Добавить в цитаты Настройки чтения

Страница 3 из 13



– Есть еще желающие высказаться? Нет? Кто выступает в поддержку предложения доктора Роббинса?

– Поддерживаем! — хором крикнули Литтон и Шимура.

– Кто за предложение доктора Роббинса, поднимите руки.

Роббинс сам первым вскинул руку; за ним последовали Литтон и Шимура. После некоторого колебания к коллегам присоединился Великовски.

– Против?

Брентано и Биллингсли.

– Запишите в протокол: гуманитарный комитет проголосовал четырьмя голосами против двух в поддержку предложения доктора Роббинса.

В первый раз с начала заседания Роббинс облегченно перевел дух. Победа! Самая сложная часть эпопеи — одобрение проекта исполнительным, научным, а теперь гуманитарным комитетом — осталась позади. Остальное будет проще: отправиться на ТКЗ и сделать то, что следует.
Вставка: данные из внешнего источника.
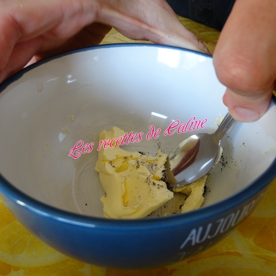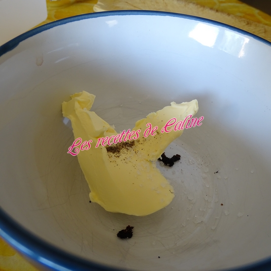 Malaxez le beurre mou (pas fondu) avec les graines de vanille, un peu de sel et de poivre.

Роббинс с трудом сдерживал свой восторг.

Скоро он отправится в Вену 1825 года и спасет жизнь Людвигу ван Бетховену.

– Поздравляю!

Роббинс вздохнул. Он знал, что этого не избежать. Антония напросилась к нему в гости. «Просто поговорить!» — уверяла она. Он-то знал, на какую тему будет разговор…

– Спасибо, — выдавил он.

– Когда отправляешься?

– Завтра утром.

– Видимо, не стоит пытаться тебя отговорить?

– Ничего не получится.

В неярком свете абажура волосы Антонии струились алмазным водопадом. Оба они были людьми уже не первой молодости, однако у нее, в отличие от Роббинса, почти не было седых прядей.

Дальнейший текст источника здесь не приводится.